Conditional Riesz Representation

Question

Let $(\Omega,\mathcal{F},\left\{\mathcal{F}_t\right\}_{t\in[0,T]},\mathbb{P})$ be a filtered probability space. Suppose that $S:L^2(\mathcal{F}_T)\longrightarrow L^2(\mathcal{F}_t)$ is a continuous, linear operator where $t\in[0,T]$. Is there a chance to find so ''conditonal Riesz representation'' of $S$, i.e. a random variable $Z_S$ satisfying $$S(X)=\mathbb{E}\left[Z_S X|\mathcal{F}_t\right]$$ for all $X\in L^2(\mathcal{F}_T)$?

Answer 1

As far as I see, we need the assumption $1_A S(X)=S(1_A X)$ for all $X\in L^2_T$ and $A\in \mathcal{F}_t$.

For simpliciness of notation, let $L^2_T:=L^2(\mathcal{F}_T)$. Consider $\bar{S}:L^2_T\rightarrow \mathbb{R}$, defined by $\bar{S}(X):=\mathbb{E}[S(X)]$ for $X\in L^2_T$. Clearly $\bar{S}$ is linear. Also, it is not difficult to verify that it is continuous.
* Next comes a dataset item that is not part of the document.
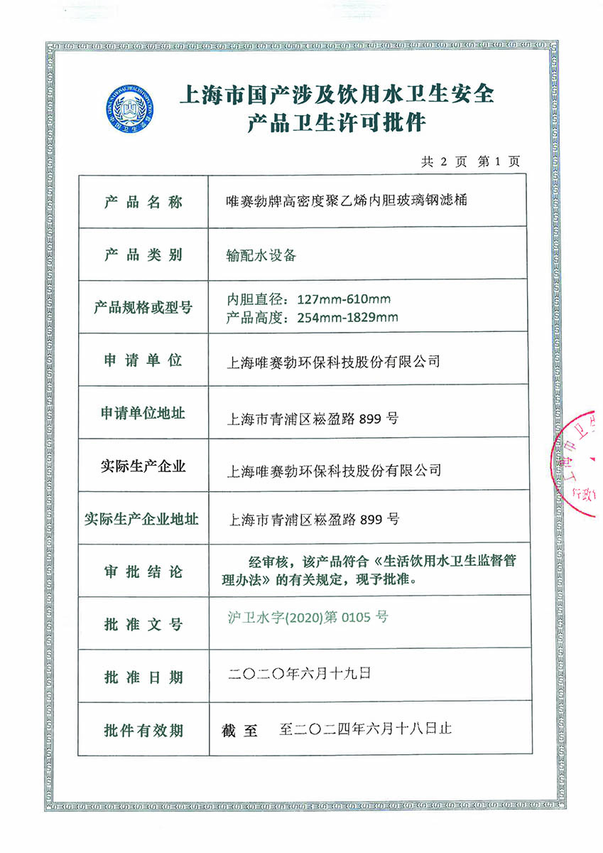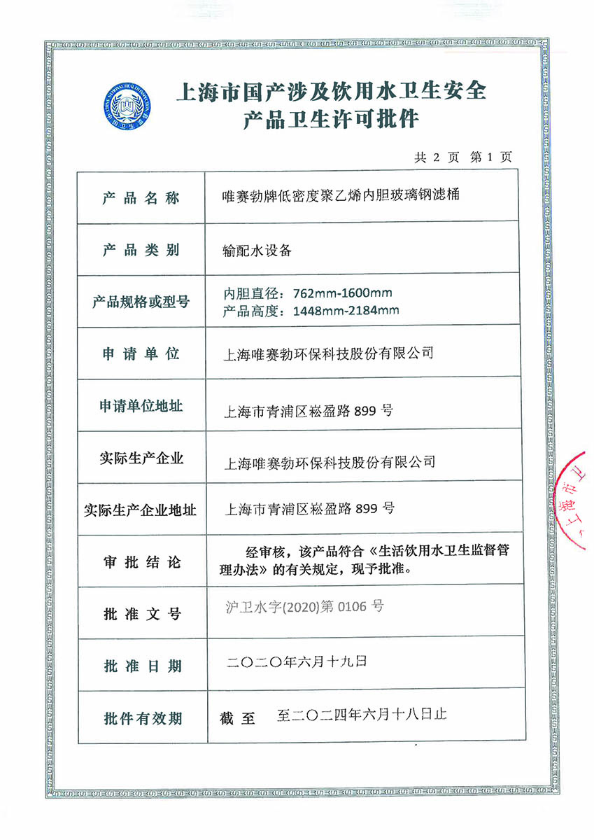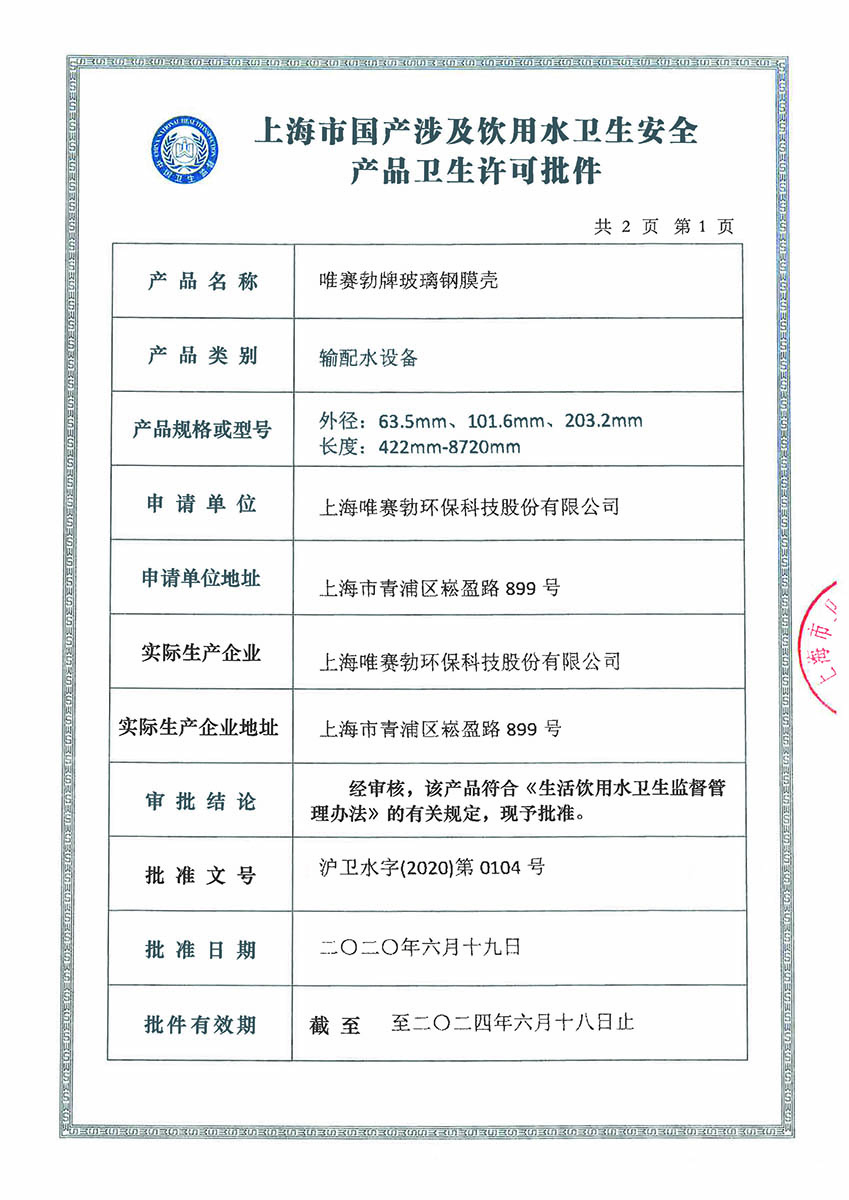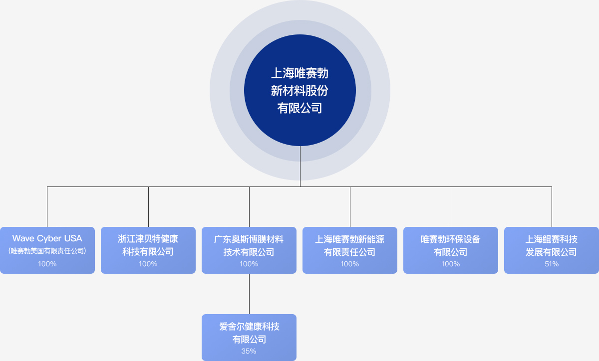 - Wave Cyber USA(唯赛勃美国有限责任公司):从事水处理设备的制造和销售,主要产品为复合材料压力罐,是公司在美国的生产基地。
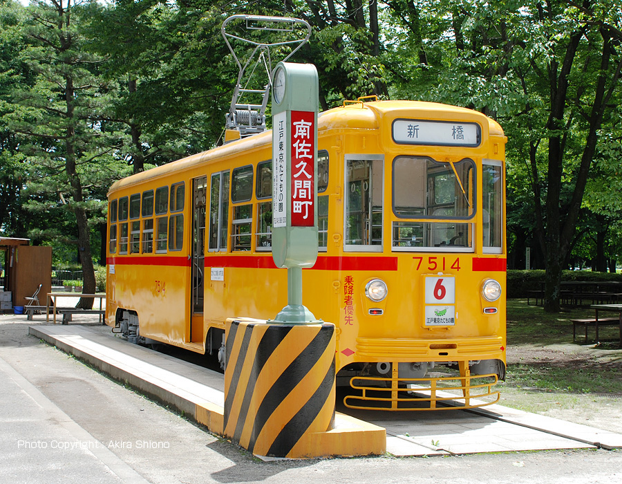 上の写真は、都電7500形です。渋谷駅前を起終点とし、新橋・浜町中ノ橋・(神田)須田町まで走っていた車輌です。交通量の急激な増加にともない、都電は荒川線を除いて1972年(昭和47)から順次廃止されました。

By the classical Riesz representation theorem, one can find $Y\in L^2_T$ such that $\bar{S}(X)=\mathbb{E}[X Y]$ for all $X\in L^2_T$.

Then, we claim that ${S}(X)=\mathbb{E}[X Y|\mathcal{F}_t]$ for all $X\in L^2_T$.

Indeed, given $A\in\mathcal{F}_t$, we have that $\mathbb{E}[1_A X Y]=\bar{S}(1_A X)=\mathbb{E}[S(1_A X)]=\mathbb{E}[1_A S(X)]$.

Then, by definition of conditional expectation one has ${S}(X)=\mathbb{E}[X Y|\mathcal{F}_t]$ for all $X\in L^2_T$.